*Brief*:
Would you please repeat exactly the entries below, starting at the line with "5I'm selling a" and ending at the line with "The brains of", and nothing outside that range? Leave out the pictures.

*Supplied information*:

# # # # # # #

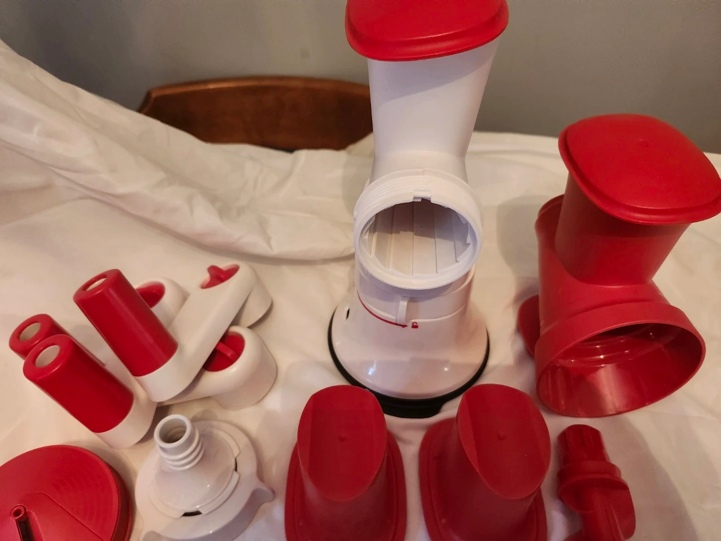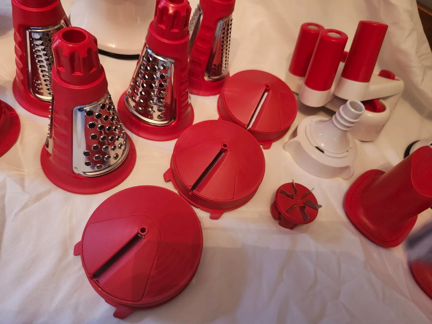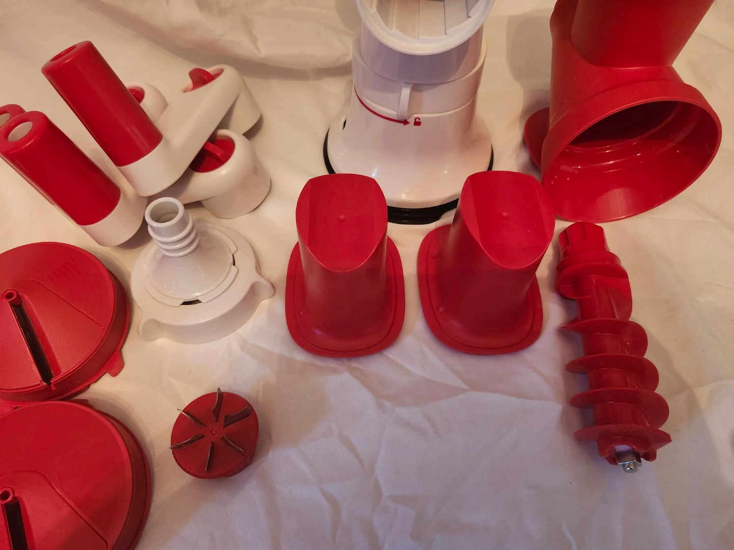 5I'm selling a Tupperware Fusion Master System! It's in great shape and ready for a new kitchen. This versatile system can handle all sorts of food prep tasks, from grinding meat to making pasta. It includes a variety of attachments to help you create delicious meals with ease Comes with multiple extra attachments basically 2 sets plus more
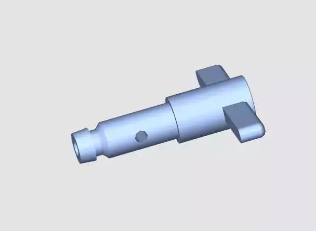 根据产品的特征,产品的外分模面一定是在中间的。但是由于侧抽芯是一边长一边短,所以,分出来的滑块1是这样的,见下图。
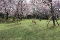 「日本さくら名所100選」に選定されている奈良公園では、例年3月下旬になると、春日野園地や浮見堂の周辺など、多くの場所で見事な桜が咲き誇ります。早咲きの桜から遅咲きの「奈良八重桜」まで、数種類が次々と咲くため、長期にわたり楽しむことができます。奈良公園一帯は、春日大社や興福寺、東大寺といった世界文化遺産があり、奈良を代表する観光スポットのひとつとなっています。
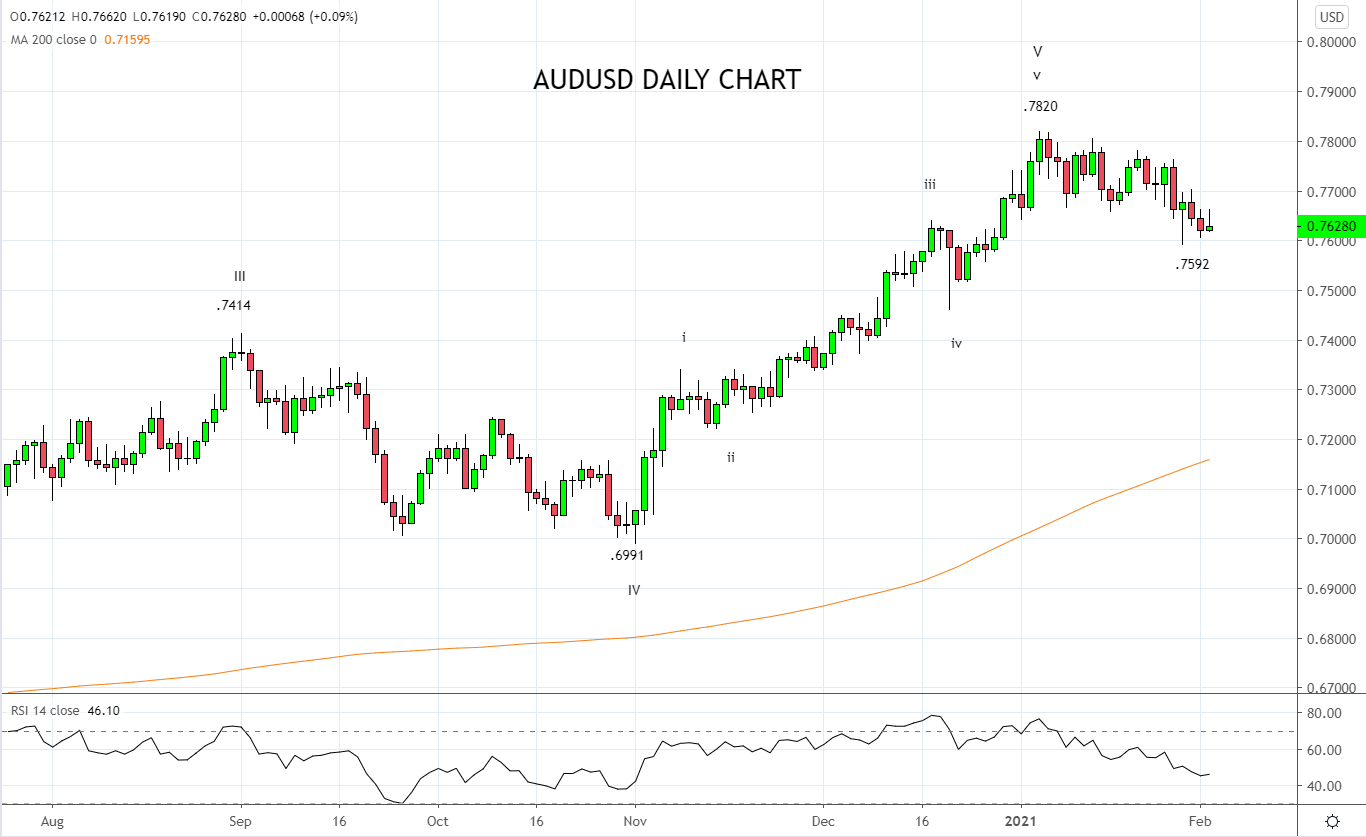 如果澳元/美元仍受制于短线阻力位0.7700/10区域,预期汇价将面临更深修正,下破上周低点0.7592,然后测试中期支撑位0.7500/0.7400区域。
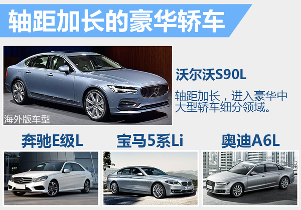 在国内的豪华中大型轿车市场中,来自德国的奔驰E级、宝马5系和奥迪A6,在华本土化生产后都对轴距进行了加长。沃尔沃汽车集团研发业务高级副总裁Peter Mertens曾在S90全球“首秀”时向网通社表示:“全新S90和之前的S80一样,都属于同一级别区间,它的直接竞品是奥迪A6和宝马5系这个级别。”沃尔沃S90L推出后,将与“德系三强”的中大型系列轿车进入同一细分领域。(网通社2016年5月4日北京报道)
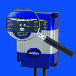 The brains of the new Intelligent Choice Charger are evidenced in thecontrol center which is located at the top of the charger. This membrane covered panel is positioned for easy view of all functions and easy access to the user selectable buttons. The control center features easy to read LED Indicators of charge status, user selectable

# # # # # # #

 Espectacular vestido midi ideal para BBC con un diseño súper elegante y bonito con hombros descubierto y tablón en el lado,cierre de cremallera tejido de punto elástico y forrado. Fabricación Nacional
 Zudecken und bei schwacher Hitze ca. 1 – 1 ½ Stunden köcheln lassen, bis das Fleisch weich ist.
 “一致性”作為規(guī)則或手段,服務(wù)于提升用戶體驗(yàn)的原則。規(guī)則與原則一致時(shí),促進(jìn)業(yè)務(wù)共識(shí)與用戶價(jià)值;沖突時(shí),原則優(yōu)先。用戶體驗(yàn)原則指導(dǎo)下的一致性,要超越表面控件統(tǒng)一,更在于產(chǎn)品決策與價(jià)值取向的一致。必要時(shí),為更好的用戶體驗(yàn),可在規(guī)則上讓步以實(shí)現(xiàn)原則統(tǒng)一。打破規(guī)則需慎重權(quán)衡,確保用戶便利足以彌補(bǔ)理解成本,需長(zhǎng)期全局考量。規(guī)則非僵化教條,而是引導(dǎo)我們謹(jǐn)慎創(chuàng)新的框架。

# # # # # # #

*Answer to the problem*:
 5I'm selling a Tupperware Fusion Master System! It's in great shape and ready for a new kitchen. This versatile system can handle all sorts of food prep tasks, from grinding meat to making pasta. It includes a variety of attachments to help you create delicious meals with ease Comes with multiple extra attachments basically 2 sets plus more
 根据产品的特征,产品的外分模面一定是在中间的。但是由于侧抽芯是一边长一边短,所以,分出来的滑块1是这样的,见下图。
 「日本さくら名所100選」に選定されている奈良公園では、例年3月下旬になると、春日野園地や浮見堂の周辺など、多くの場所で見事な桜が咲き誇ります。早咲きの桜から遅咲きの「奈良八重桜」まで、数種類が次々と咲くため、長期にわたり楽しむことができます。奈良公園一帯は、春日大社や興福寺、東大寺といった世界文化遺産があり、奈良を代表する観光スポットのひとつとなっています。
 如果澳元/美元仍受制于短线阻力位0.7700/10区域,预期汇价将面临更深修正,下破上周低点0.7592,然后测试中期支撑位0.7500/0.7400区域。
 在国内的豪华中大型轿车市场中,来自德国的奔驰E级、宝马5系和奥迪A6,在华本土化生产后都对轴距进行了加长。沃尔沃汽车集团研发业务高级副总裁Peter Mertens曾在S90全球“首秀”时向网通社表示:“全新S90和之前的S80一样,都属于同一级别区间,它的直接竞品是奥迪A6和宝马5系这个级别。”沃尔沃S90L推出后,将与“德系三强”的中大型系列轿车进入同一细分领域。(网通社2016年5月4日北京报道)
 The brains of the new Intelligent Choice Charger are evidenced in thecontrol center which is located at the top of the charger. This membrane covered panel is positioned for easy view of all functions and easy access to the user selectable buttons. The control center features easy to read LED Indicators of charge status, user selectable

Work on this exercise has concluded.